Bias-Variance Tradeoffs in Single-Sample Binary Gradient Estimators
This work addresses the problem of gradient estimation for binary variables in machine learning, which is crucial for training models with discrete latent states, but it is incremental as it builds on existing estimators.
The paper analyzes bias-variance tradeoffs in single-sample binary gradient estimators, such as straight-through and its variants, used in models like variational autoencoders and stochastic binary networks, revealing theoretical insights and identifying serious issues in some methods.
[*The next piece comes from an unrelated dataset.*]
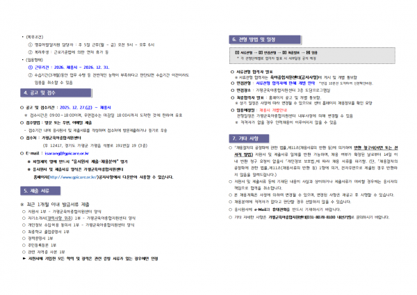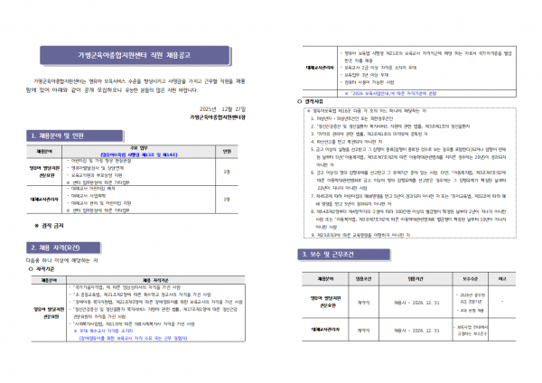 센터 [센터직원채용]가평군육아종합지원센터 직원채용(영유아발달지원 전문요원, 대체교사관리자) 채용공고 페이지 정보 작성자 관리자 댓글 0건 조회 242회 작성일 25-12-23 17:12 목록 첨부파일 가평군육아종합지원센터 입사지원서.hwp (21.0K) 21회 다운로드 | DATE : 2025-12-23 17:12:47 본문 ☞ 센터 직원 채용에 많은 관심과 응시 바랍니다 ※ 지원양식은 첨부파일을 다운로드 하시어 작성하시면 됩니다. ※ 안내문을 클릭하시면 크게 보실 수 있습니다 이전글2026 새해 인사 25.12.31 다음글2025 하반기(7월~12월) 이용자 만족도 조사 참여 안내 (가정양육지원사업) 25.12.22

Discrete and especially binary random variables occur in many machine learning models, notably in variational autoencoders with binary latent states and in stochastic binary networks. When learning such models, a key tool is an estimator of the gradient of the expected loss with respect to the probabilities of binary variables. The straight-through (ST) estimator gained popularity due to its simplicity and efficiency, in particular in deep networks where unbiased estimators are impractical. Several techniques were proposed to improve over ST while keeping the same low computational complexity: Gumbel-Softmax, ST-Gumbel-Softmax, BayesBiNN, FouST. We conduct a theoretical analysis of bias and variance of these methods in order to understand tradeoffs and verify the originally claimed properties. The presented theoretical results allow for better understanding of these methods and in some cases reveal serious issues.